Confidence intervals vs law of the iterated logarithm

246 Views Asked by At

Let $X_i$ be iid random variables with mean $\mu$ and variance $1$. Let $S_n=\frac 1n \sum_{k=1}^n X_k$ denote the sample mean. By CLT it is well known that $(S_n - \frac{1.96}{\sqrt n}, S_n + \frac{1.96}{\sqrt n})$ is an asymptotic $95\%$ confidence interval for $\mu$.

By the law of the iterated logarithm, $\frac{\sqrt n}{\sqrt {\log \log n} }(S_n-\mu)$ has $\limsup$ equal to $\sqrt 2$ almost surely.
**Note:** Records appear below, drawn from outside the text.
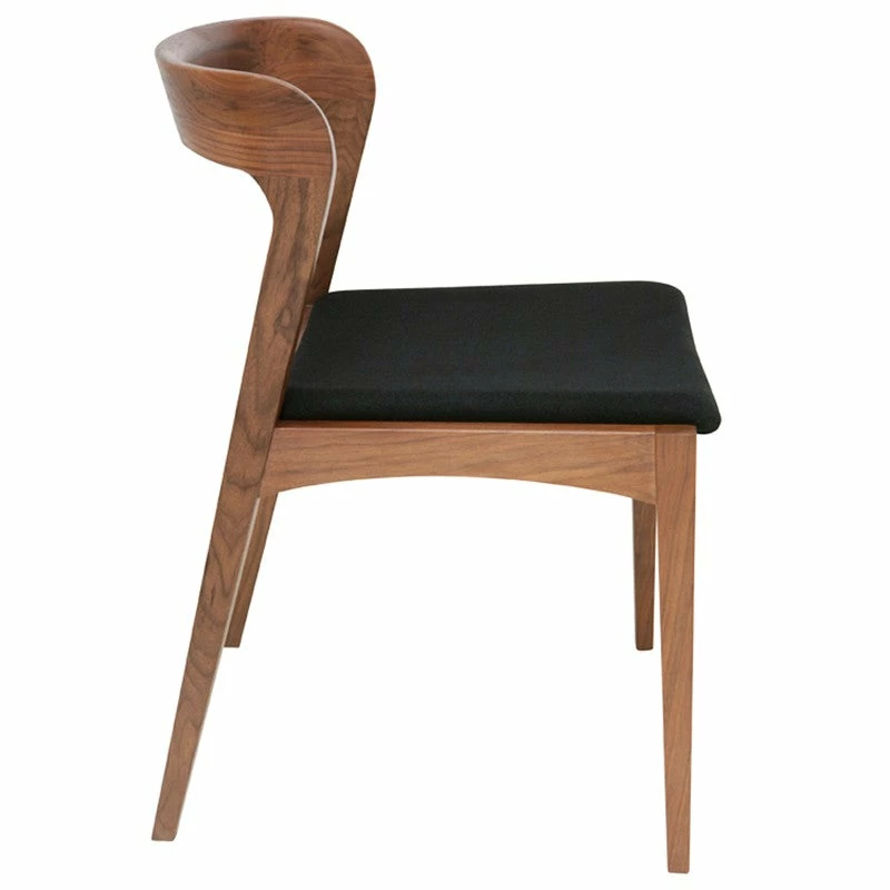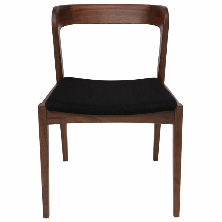 The Bjorn dining chair takes its name and aesthetic from the birthplace of midcentury design, Scandinavia. Gentle lines, supple curves and a smart, fitted wool seat cushion lend an air of sophisticated understatement to the finely crafted solid wood Bjorn. The Bjorn is available in solid American walnut with a black wool/nylon blend seat cushion.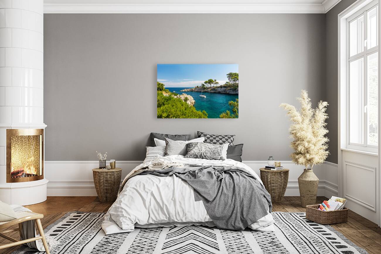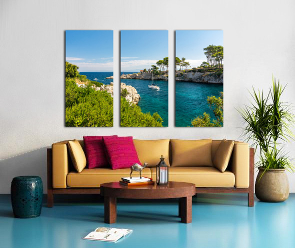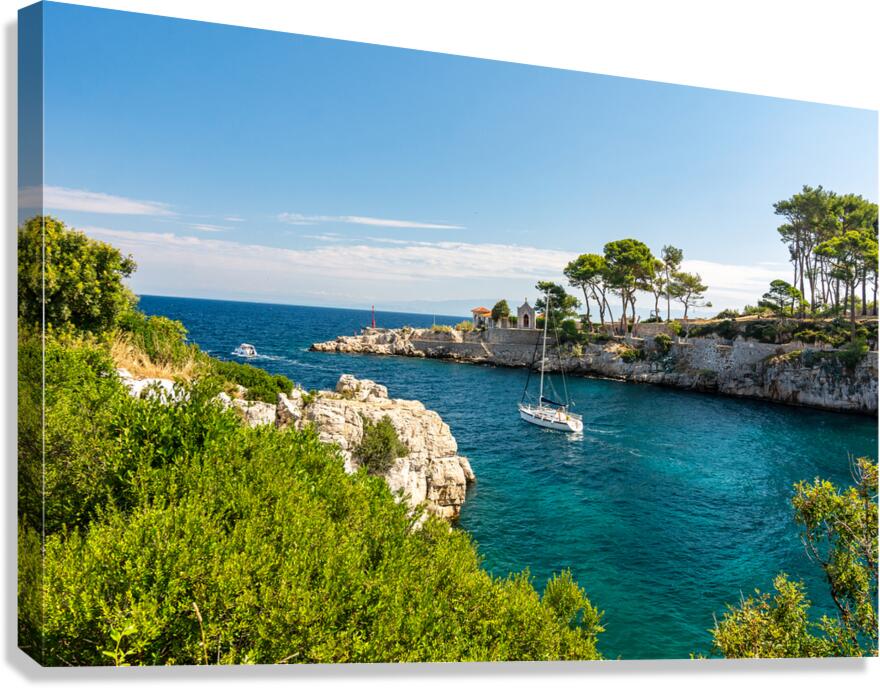 SAILING YACHT LEAVING THE BEAUTIFUL HARBOUR OF VELI LOSINJ CROATIA CALADOART  Canvas Print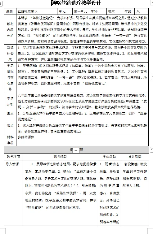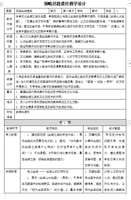 人美版八年级下册教学设计《领略丝路遗珍》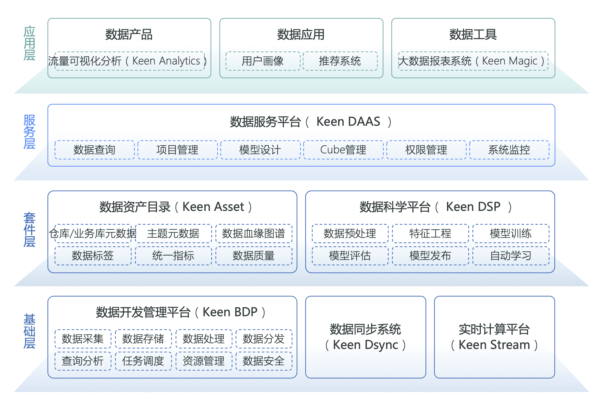 近期,科杰发布了其国产化大数据最新产品矩阵KeenData3.0。具体来说,KeenData3.0由Keen Asset(数据资产平台)、Keen BDP(数据开发管理平台)、Keen Stream(实时计算平台)、Keen DaaS(数据服务平台)、Keen Dsync(数据同步平台)、Keen DSP(数据科学平台)、Keen Persona(画像平台)、数据魔方(Keen Magic)构成,支撑万台节点规模,数千人在线协同。该数据中台产品覆盖了数据处理的全生命周期,快速整合构建全域数据资产,实现数据统一、标准、资产化的开放使用。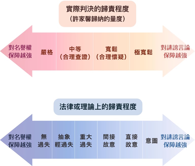 刑事的誹謗,罪責重、非難性也高,容易引發「寒蟬效應」的危險,因此採取對於言論管制較寬鬆的「真實惡意」原則──只處罰惡意空穴來風的造謠;而在非難性較低、著重合理分配損害與風險的民事名譽侵權,就使用著重客觀行為規範的「合理查證」模式──輕率的發言必須承擔賠償責任。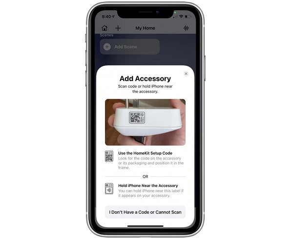 Tiếp theo, bạn hãy sử dụng camera của thiết bị để quét mã Homekit trên sản phẩm hay bao bì, hoặc nhập thủ công mã 8 chữ số nếu không có mã QR.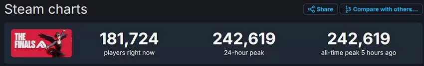 Laut SteamDB-Service hat die Online-Spitze von The Finals 242 Tausend Menschen überschritten und diese Zahl hat eine hohe Wachstumsrate.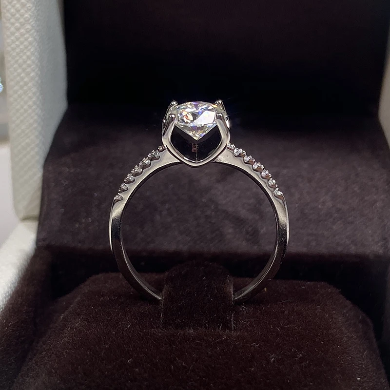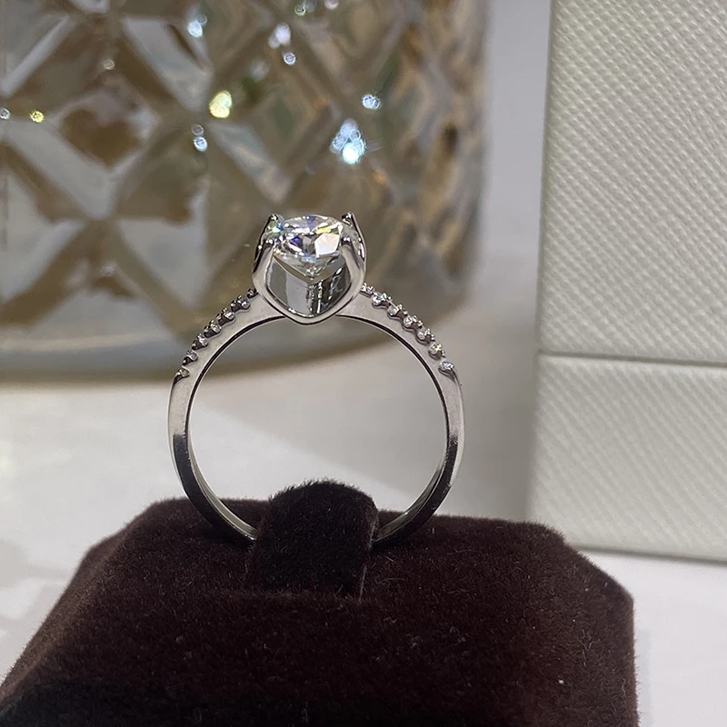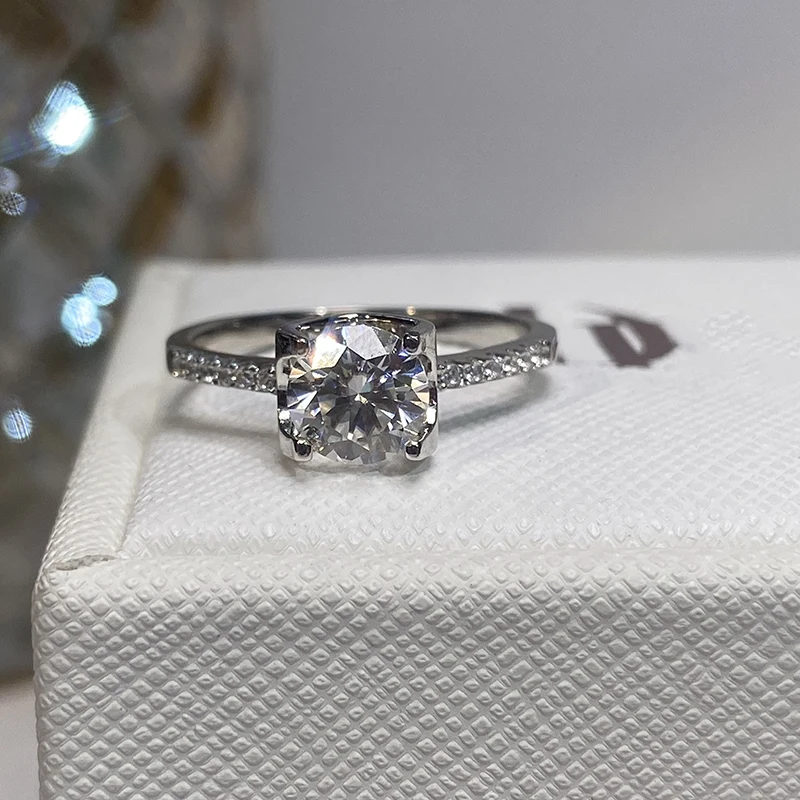 Кольцо с муассанитом 1 карат и D-образным цветом VVS1, отличный подарок на помолвку для женщин, лабораторное кольцо с бриллиантом, чистое серебро 925 пробы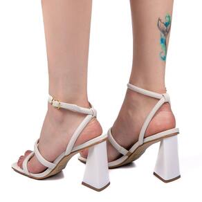 Com um salto em formato de triângulo grosso e um bico quadrado, esta sandália oferece elegância e conforto a cada passo. As tiras finas com fecho de fivela garantem um ajuste seguro e personalizado.

Thus for almost all $w$, we have $\frac{\sqrt n}{\sqrt {\log \log n} }(S_n-\mu) \approx \sqrt 2$ infinitely often, thus $ S_n \approx \mu +\frac{\sqrt {2 \log \log n}}{\sqrt n }$ infinitely often.

For large $n$, $\sqrt {2 \log \log n}$ is much bigger than $1.96$, which seems to contradict the confidence interval. Can someone shed light on this paradox (if there is any) ?

2

There are 2 best solutions below

0
On

Let $X_1,X_2,\dots $ iid with $X_1\sim \mathcal{N}(0,1)$ then $$ W_n=\frac{\sqrt{n}}{\sqrt{2\log \log n}}S_n \sim \mathcal{N}\left(0,\frac{1}{2\log \log n}\right).$$ Note $$W_n \to 0$$ in law, but $$ W_n\nrightarrow $$ in the sense a.s. convergence. Indeed, by the law of iterated logarithm $$ \liminf W_n =-1,\quad \limsup W_n =1$$ with probability one.

0
On

I know this is old, but I think this problem perfectly encapsulates misunderstandings with the CLT which I have been thinking about a lot.

The CLT says that $\sqrt{n}\left(S_n - \mu\right)$ converges to $\mathcal{N}(0, \sigma^2)$ in distribution. This is key, because it actually says nothing about the convergence of $\sqrt{n}\left(S_n - \mu\right)$ for any given sample, i.e. any given series of measurements of the $X_i$, as $n\to \infty$. In fact, you can see from the LIL that, seen as a statistic of a sample of size $n \to \infty$ (i.e. a test where keep collecting more data), $\sqrt{n}\left(S_n - \mu\right)$ diverges with probability 1! This is in stark contrast from the (Strong) Law of Large Numbers, which says that $S_n$ converges to $\mu$ with probability $1$.

The way to think about the convergence in distribution in the CLT is that, the larger $n$ gets, the more that the distribution of the random variable $\sqrt{n}\left(S_n - \mu\right)$ looks normal. In other words, if you fix some large $n$, and perform a bunch of different tests where, in each, you collect a sample of size $n$ and then calculate $\sqrt{n}\left(S_n - \mu\right)$, then all of these different calculations will be distributed approximately like $\mathcal{N}(0, \sigma^2)$, and that approximation will get better the bigger you make $n$.

Again, a core difference between the CLT and the LIL and LLN are that the latter two give almost sure convergence, whereas the former is only convergence in distribution. But where analysis trains us to think about this as just being a weaker statement, it actually means that we have a fairly different interpretation. Namely, the LIL and LLN can tell you what happens with their respective statistics as you collect more and more data for a given sample, and thus enable you to say things about the distribution of these statistics viewed as random variables for fixed large sample sizes. For example, since we know that $S_n$ will converge to $\mu$ as the sample grows, with probability $1$, we know that in fact the random variables $S_n$ converge to the constant function $\mu$. The full statement of the LLI tells you that its statistic doesn't converge anywhere almost surely, although it converges in probability to $0$ (the Wikipedia discussion is worth viewing here).

On the other hand, the CLT doesn't tell you anything about $\sqrt{n}\left(S_n - \mu\right)$ as a statistic of a sample going to infinity, which is good because LIL says that it doesn't converge. However, it tells us how to consider the distribution of this as a random variable for a fixed sample size $n$, but with the knowledge that its statement is an approximation that is more accurate the larger $n$ is.